Data items

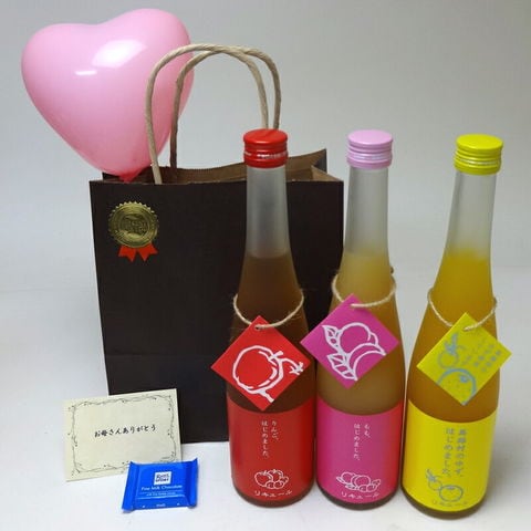 贈り物セット 果物梅酒3本セット りんご梅酒 ゆず梅酒 もも梅酒 (福岡県)合計720ml×3本 メッセージカード ハート風船 ミニチョコ付き 土日・祝日は休業日となります。 お値下げの交渉はしておりませんので、お問い合わせはご遠慮願います。 ★20歳未満の飲酒は法律で禁止されています。20歳未満の方に対しては酒類は販売いたしません。
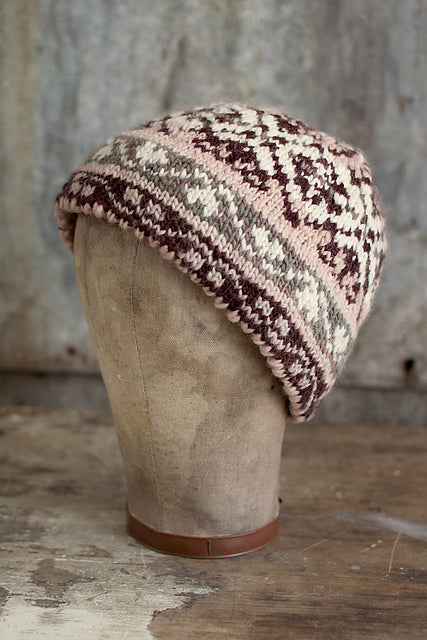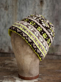 These two sets of hats and mittens are worked from seven colors - two hats and four mittens from seven skeins of yarn. The Copo de Nieve (snowflake) design has classic Fair Isle OXO motifs separated by smaller border patterns. The Ramillete (flower bouquet) design is based on a traditional Scandinavian pattern. Both designs are worked in the round using only two colors per round and have knitted hems with picot edging.
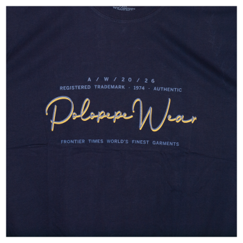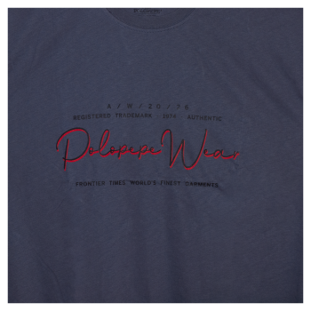 Футболка POLO PEPE для чоловіків. Колір синій. На виробі є напис. Виробництво Туреччина. Склад cotton (бавовна) 100%. .size-table-wrapper { font-family: Arial, Helvetica, sans-serif; margin-botto..
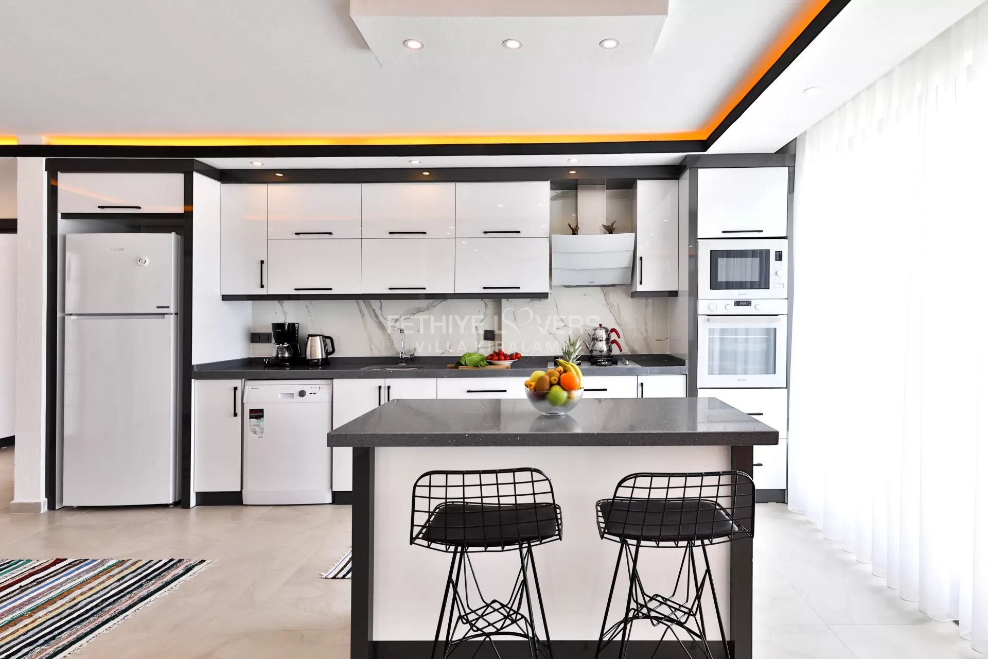 Mutfak: Tam donanımlı Modern Amerikan mutfağında, Buzdolabı, Bulaşık makinesi, Çamaşır makinesi, Mikrodalga fırın, elektrikli, su ısıtıcısı, 4’lü ocak, 10 kişilik yemek ve bardak takımı bulunmaktadır.
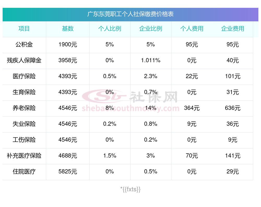广东东莞五险最少要交多少钱一个月多少钱?下表是2024-2025年广东东莞社保费用明细参考,新社通app-社保缴费查询工具提供的最新数据如下:
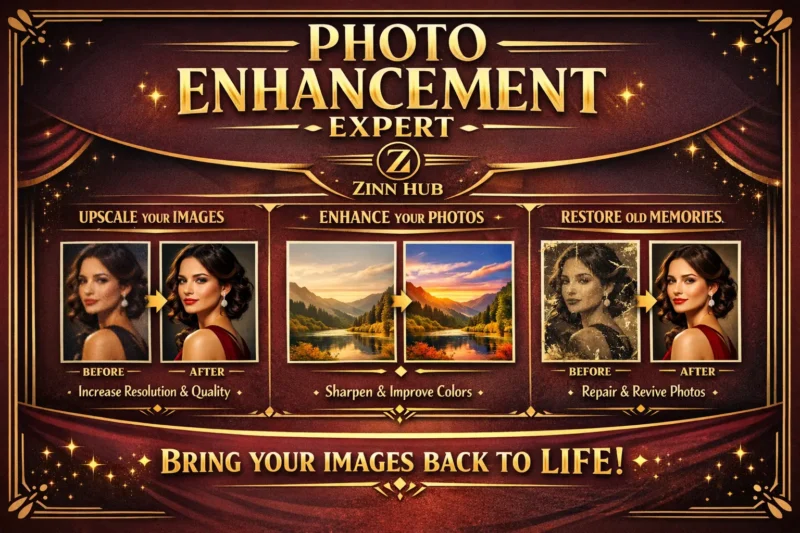Welcome to my Zinn! I'm from Zinn Digital ™, with 18+ years' experience as a graphic designer based in London, England. I will professionally upscale, enhance and repair your photo.
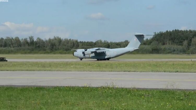 Громадськості були надані кадри посадки французького транспортного літака А400 у Мінську-Мазовецькому.
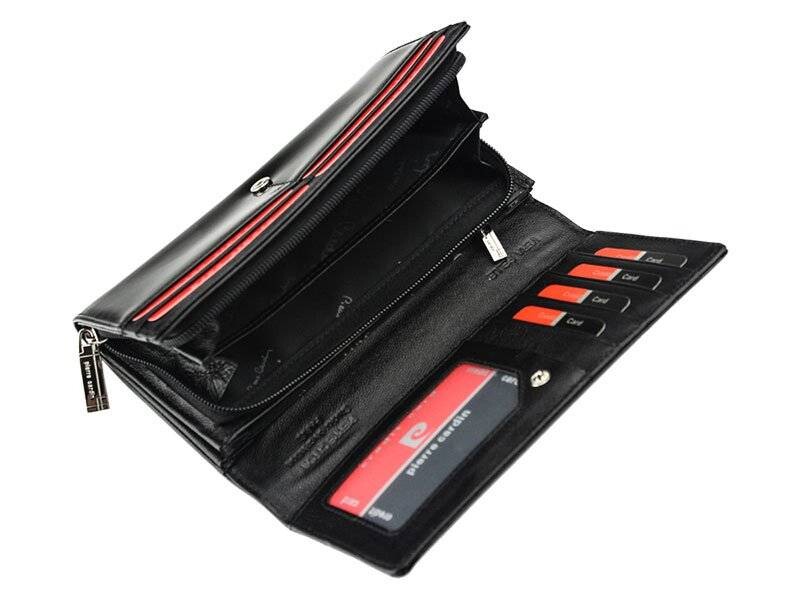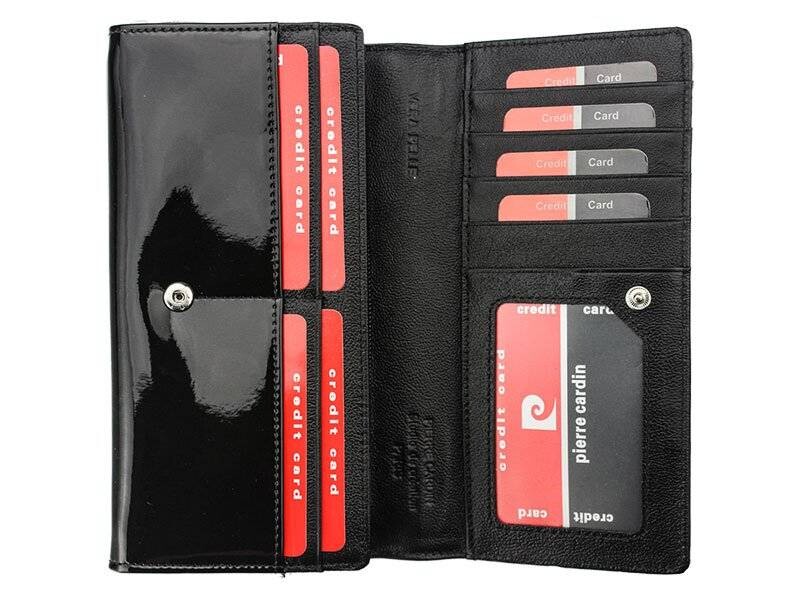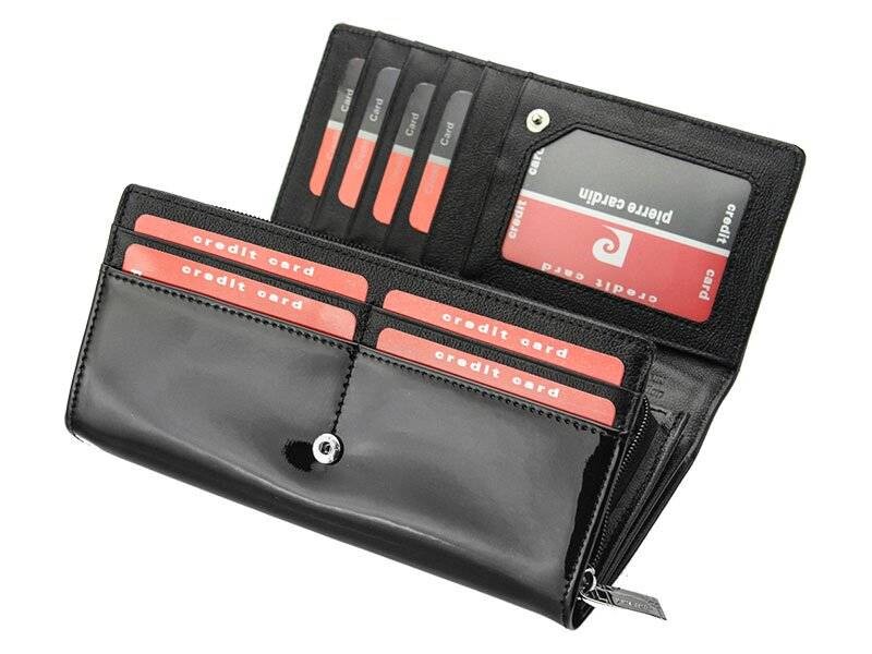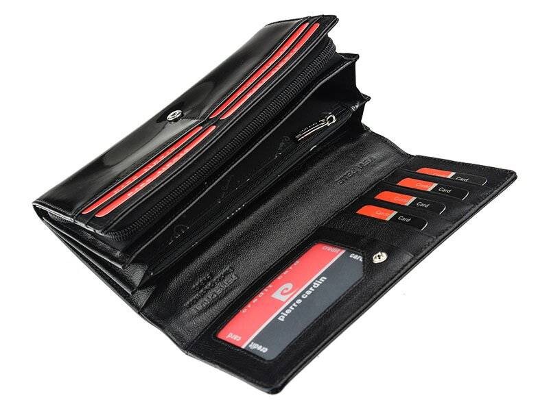 Elegantná dámska peňaženka z kvalitnej lakovanej kože zaujme svojim lesklým povrchom a nadčasovým dizajnom. Prednú klopu zdobí decentné strieborné logo značky Pierre Cardin, ktoré podčiarkuje luxusný vzhľad. Po otvorení ponúka prehľadne usporiadaný priestor pre platobné karty aj papierové peniaze. Na mince poslúži veľké zipsové vrecko. V zadnej vnútornej časti sa nachádza praktické zipsové vrecko na drobnosti. Peňaženka je dodávaná v elegantnej darčekovej krabičke, ideálna aj ako štýlový darček. Objednajte ešte dnes a vyskúšajte, vrátiť ju môžete až za 30 dní!
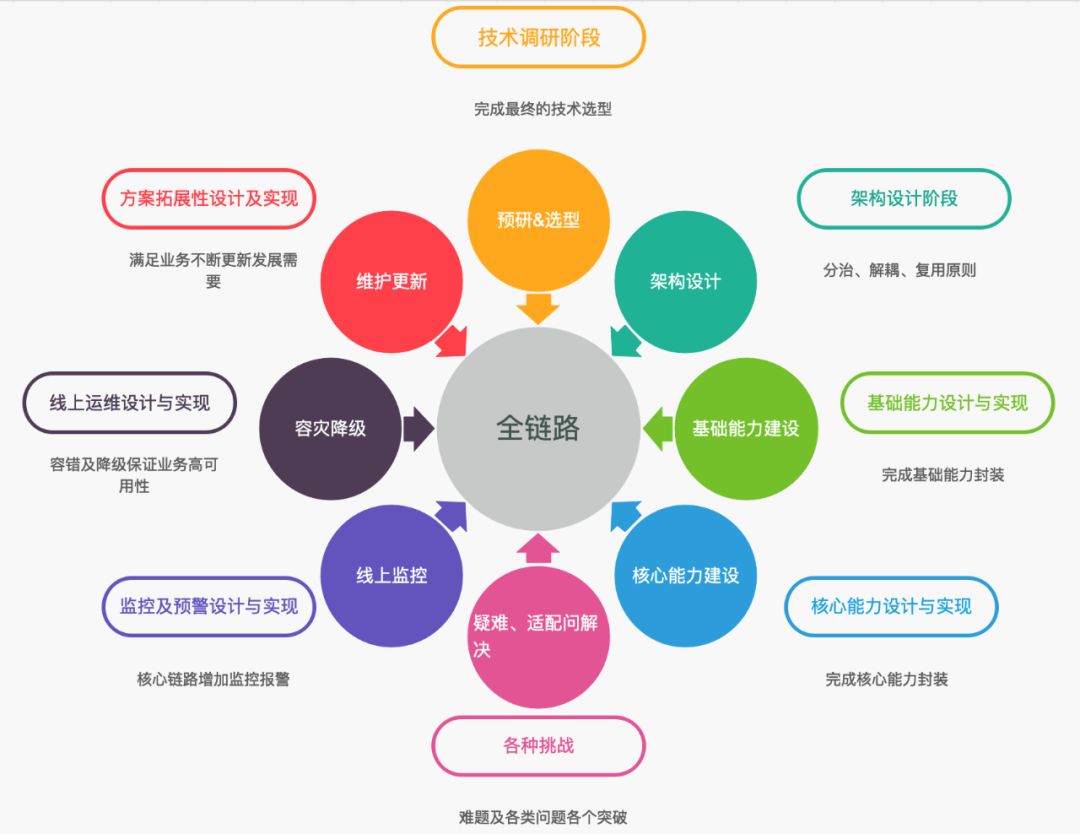 对于视频链路的开发,我们经历了方案选型、架构设计及优化、业务实践、功能测试、监控运维、更新维护等各个环节,核心环节如下图所示。在开发过程中,遇到了各种技术问题和挑战,下文会针对遇到的问题、挑战,及其解决方案进行重点阐述。
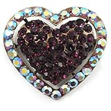 Fun-loving romantics are bound to fall for Bronze Tone Dazzling Diamante Heart Brooch. The open, heart-shaped brooch's dimensional design flaunts deep purple and iridescent pave set dazzling crystals. The piece crafted in bronze tone metal and fastens with a flag pin and revolver. The heart measures about 4cm x 3.5cm. Fantastic, special gift idea - Christmas, birthday, anniversary, mothers day, etc. Easily fastens to any bag, hat, coat or jacket.
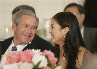 "Your baby girl was sitting next to President Bush," she told them. Kwan's
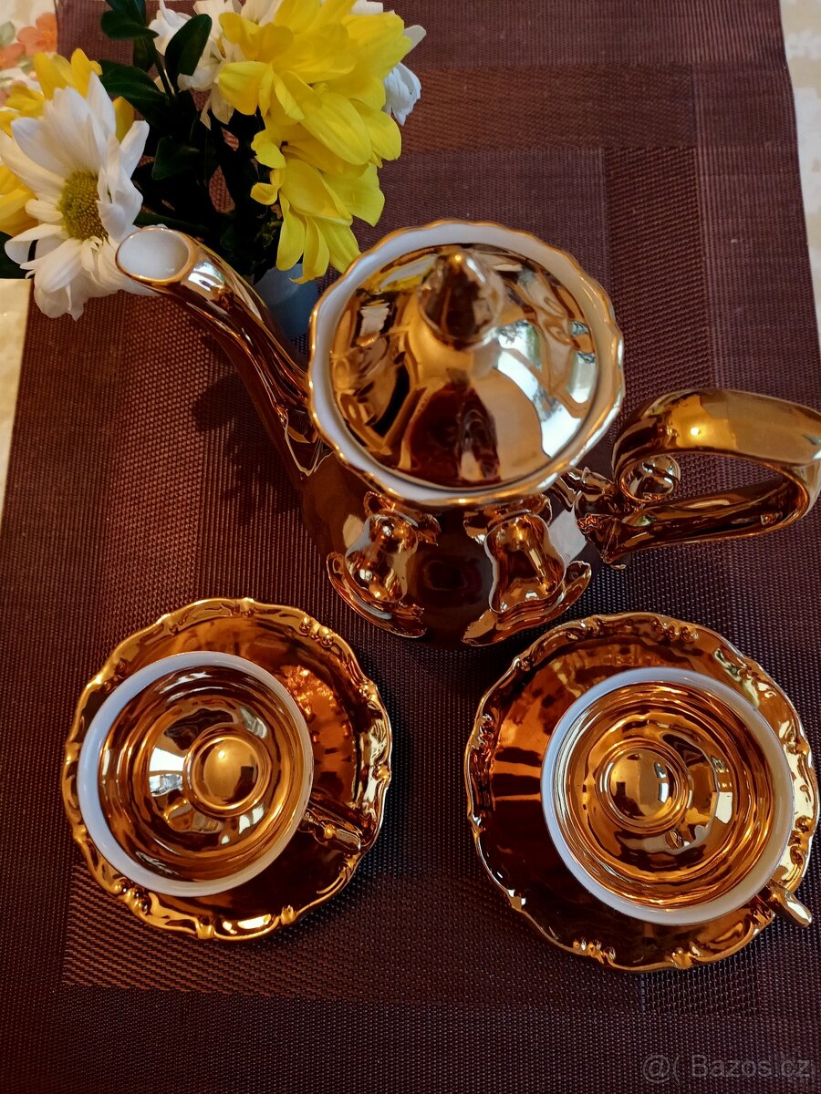 Nabízím tuto nádhernou mocca soupravu, dva šálky, dva podšálky + konvice. Zlatá lesklá,Bez závad.
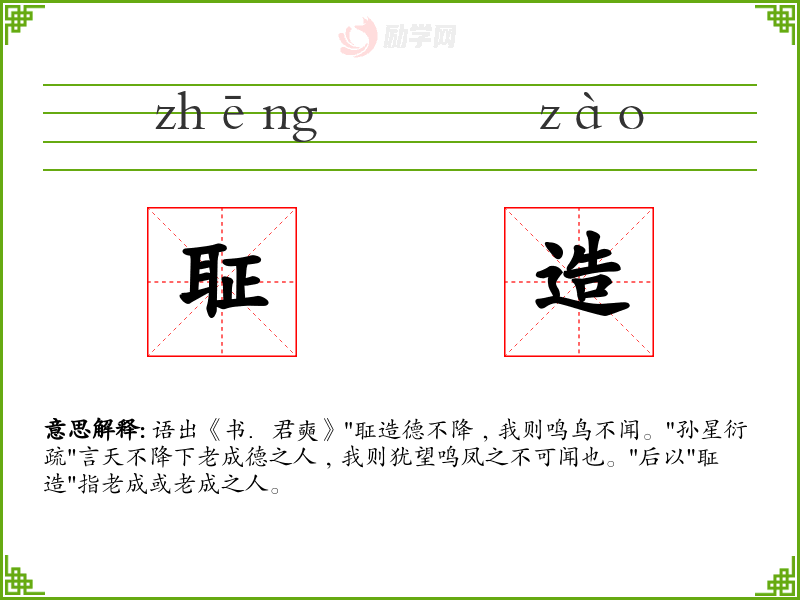 聇造的意思是:语出《书.君奭》"聇造德不降﹐我则鸣鸟不闻。"孙星衍疏"言天不降下老成德之人﹐我则犹望鸣凤之不可闻也。"后以"聇造"指老成或老成之人。
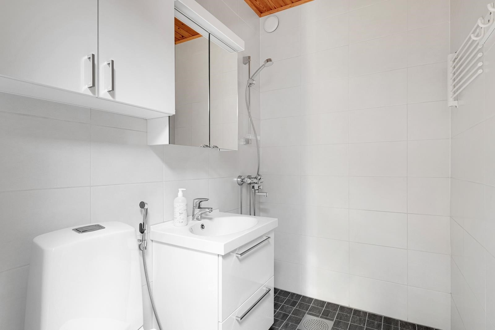 - Sauna, sähkökiuas, kylpyhuone, erillinen wc 2 kpl, suihku, peilikaappi, kaapit, allaskaappi, pesukoneliitäntä, lattialämmitys, kiinteät valaisimet.

**PROBLEM DESCRIPTION:** Since the pictures are not wanted, copy only the text of the records above, exactly.

**RESULT:**
 贈り物セット 果物梅酒3本セット りんご梅酒 ゆず梅酒 もも梅酒 (福岡県)合計720ml×3本 メッセージカード ハート風船 ミニチョコ付き 土日・祝日は休業日となります。 お値下げの交渉はしておりませんので、お問い合わせはご遠慮願います。 ★20歳未満の飲酒は法律で禁止されています。20歳未満の方に対しては酒類は販売いたしません。
 These two sets of hats and mittens are worked from seven colors - two hats and four mittens from seven skeins of yarn. The Copo de Nieve (snowflake) design has classic Fair Isle OXO motifs separated by smaller border patterns. The Ramillete (flower bouquet) design is based on a traditional Scandinavian pattern. Both designs are worked in the round using only two colors per round and have knitted hems with picot edging.
 Футболка POLO PEPE для чоловіків. Колір синій. На виробі є напис. Виробництво Туреччина. Склад cotton (бавовна) 100%. .size-table-wrapper { font-family: Arial, Helvetica, sans-serif; margin-botto..
 Mutfak: Tam donanımlı Modern Amerikan mutfağında, Buzdolabı, Bulaşık makinesi, Çamaşır makinesi, Mikrodalga fırın, elektrikli, su ısıtıcısı, 4’lü ocak, 10 kişilik yemek ve bardak takımı bulunmaktadır.
广东东莞五险最少要交多少钱一个月多少钱?下表是2024-2025年广东东莞社保费用明细参考,新社通app-社保缴费查询工具提供的最新数据如下:
Welcome to my Zinn! I'm from Zinn Digital ™, with 18+ years' experience as a graphic designer based in London, England. I will professionally upscale, enhance and repair your photo.
 Громадськості були надані кадри посадки французького транспортного літака А400 у Мінську-Мазовецькому.
 Elegantná dámska peňaženka z kvalitnej lakovanej kože zaujme svojim lesklým povrchom a nadčasovým dizajnom. Prednú klopu zdobí decentné strieborné logo značky Pierre Cardin, ktoré podčiarkuje luxusný vzhľad. Po otvorení ponúka prehľadne usporiadaný priestor pre platobné karty aj papierové peniaze. Na mince poslúži veľké zipsové vrecko. V zadnej vnútornej časti sa nachádza praktické zipsové vrecko na drobnosti. Peňaženka je dodávaná v elegantnej darčekovej krabičke, ideálna aj ako štýlový darček. Objednajte ešte dnes a vyskúšajte, vrátiť ju môžete až za 30 dní!
 对于视频链路的开发,我们经历了方案选型、架构设计及优化、业务实践、功能测试、监控运维、更新维护等各个环节,核心环节如下图所示。在开发过程中,遇到了各种技术问题和挑战,下文会针对遇到的问题、挑战,及其解决方案进行重点阐述。
 Fun-loving romantics are bound to fall for Bronze Tone Dazzling Diamante Heart Brooch. The open, heart-shaped brooch's dimensional design flaunts deep purple and iridescent pave set dazzling crystals. The piece crafted in bronze tone metal and fastens with a flag pin and revolver. The heart measures about 4cm x 3.5cm. Fantastic, special gift idea - Christmas, birthday, anniversary, mothers day, etc. Easily fastens to any bag, hat, coat or jacket.
 "Your baby girl was sitting next to President Bush," she told them. Kwan's
 Nabízím tuto nádhernou mocca soupravu, dva šálky, dva podšálky + konvice. Zlatá lesklá,Bez závad.
 聇造的意思是:语出《书.君奭》"聇造德不降﹐我则鸣鸟不闻。"孙星衍疏"言天不降下老成德之人﹐我则犹望鸣凤之不可闻也。"后以"聇造"指老成或老成之人。
 - Sauna, sähkökiuas, kylpyhuone, erillinen wc 2 kpl, suihku, peilikaappi, kaapit, allaskaappi, pesukoneliitäntä, lattialämmitys, kiinteät valaisimet.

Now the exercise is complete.